Clients need to be aware of their points. Clients needs to be included in the conversation around how you plan to spend their points. Clients need to know what actions they take that might cause you to use their points—like revisions or when they change their mind and ask you to redo work. You need to track points and communicate point usage to clients.
Once you start doing this and doing it well, you’ll be in a better position to say to a client, “yep, we can do that, but you’re out of points, so we either swap out something we agreed was going to help you get more leads and do this new tactic or you can buy more points for this month. Which would you like to do?”
The Points Conversation with Clients
When we first moved to points there were a lot of conversation around how the clients would react to the concept of points. To be 100% transparent, we spent too much time worrying about this. In the end, the clients were fine with it. They either didn’t care or they understood it perfectly. Many of the client are aware of how points work in Agile, many of our software clients already practiced Agile within their development teams, so using points for marketing didn’t even phase them.

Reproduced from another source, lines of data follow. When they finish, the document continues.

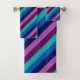 A set of bath towels featuring a colourful pattern design of diagonal stripes in cool teal, ocean blue, navy blue, plum purple, and lavender.
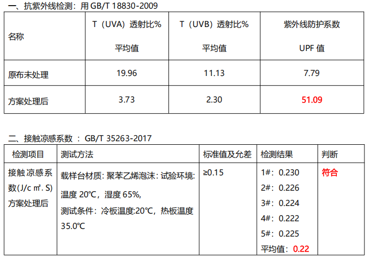1)经过处理后的面料,凉感与抗紫外线要求符合标准。抗菌,消臭功能以第三方检测为准;
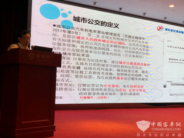 中国城市公共交通协会中小城市分会余长青处长讲解公安部客车安全技术标准暨《客车消防与锂电池安全管理的技术要求》。

The clients who didn’t care trusted us to get the work done, whatever system we wanted to use was fine with them, just keep delivering the results. I like those clients the best. Don’t let this concern you. Most clients are fine following your lead and as long as you have your story down, they’ll come along with you.
Estimating Points in the Sales Process
One of the more significant challenges with points is estimating how many points a client is going to need when you’ve only known them for a few hours. Most inbound agencies have similar sales processes and most include a few conversations and then prospects want to know how much they’re going to be spending on the program each month.

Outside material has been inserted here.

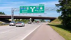 In 2003, US 64 was placed on new freeway between Plymouth and Columbia, leaving its concurrency alignment with NC 32 and NC 94.[35][36] In 2005, US 64 was placed on a freeway bypass north of Pittsboro; its old alignment became US 64 Bus.[37][38] In 2006, US 64/US 264 was placed on new six-lane freeway bypass south of Knightdale, from I-440 to existing US 64 freeway segment near Eagle Rock; its former routing through Knightdale became an extension of US 64 Bus., with a hidden 1-mile (1.6 km) concurrency along I-440.[39][40] Also in the same year, NCDOT submitted a request, which was subsequently withdrawn to split-up US 64 through Brevard; instead US 64 Bus. was reestablished along Caldwell Street as a hidden route, signed instead as westbound US 64, eastbound US 64 remains along Broad Street.[41] Later that year, a two-year project concluded that widened US 64 from six to eight lanes on its concurrency with US 1 in Cary from Tyron Road to just south of the I-40/I-440 interchange; the interchanges with Cary Parkway (US 1 exit 99) and Walnut Street (exit 101) were also reconfigured.[42] In 2009, US 64 was placed on new routing .16-mile (0.26 km) east of its intersection with US 19/74/129 in Murphy, next to the Hiwassee River.[43] Its old alignment was to become a new alternate route, but that request was denied by AASHTO. The old alignment instead was downgraded to secondary roads (it was eventually upgraded to be an alternate route); NC 141 was extended .7-mile (1.1 km) south to meet the new route.[44][45][46] The .7 mile extension was also on an even older alignment of US 64 (Old US 64) that was moved sometime around the 1970s. On October 1, 2012, I-40 exit 153 to US 64 was permanently closed by the NCDOT due to the redesigning of the I-40/I-77 interchange.

Estimating the number of points can be problematic. Especially if you underestimate them. Now you’re three months into the engagement, you can’t generate leads you have to go back to the client and ask for more points—not a good situation to be in.
What I suggest is that you give them a rough estimate, subject to change after your strategy work is completed. Now you have time to get to know them, their business, their industry and you have time to create their inbound program. We typically give clients a variety of options. One option that comes in close to the estimate during the sales process, one that is slightly more expensive and produces better results and then one that is much more expensive and produces dramatic results.

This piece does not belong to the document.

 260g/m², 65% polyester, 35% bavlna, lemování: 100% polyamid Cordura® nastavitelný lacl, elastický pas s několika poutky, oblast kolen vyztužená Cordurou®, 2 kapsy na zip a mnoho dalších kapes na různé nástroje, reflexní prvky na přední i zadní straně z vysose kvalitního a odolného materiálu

Now the client has three options and they see the impact their investment has on the results. There are always connections between investment and results. You should make sure those two aspects of your program are never uncoupled.
Moving to points based pricing is something to think about before you jump into it. There are a number of traps that without proper planning can get you into trouble with prospects, with clients and with your profitability targets. Instead of jumping in, consider testing it with a few selected clients. If you’re tests go well and you uncover all the trouble spots, then you can address those during the test and move forward with confidence.
Start Today Tip – Change for the sake of change isn’t a good policy. Only consider this if you’re having issues with hourly pricing, value-based pricing, over servicing, or you’re going to move to agile as your delivery model. If this is something you need to do, spend the time doing your research. Talk to agencies who are using pricing, find out from them what works and what doesn’t, then go forward with your plan to change all your pricing to points. This is going to take an adjustment to your sales process, any sales materials, your website and perhaps other assets too. Take that all into consideration as you decide how to move forward.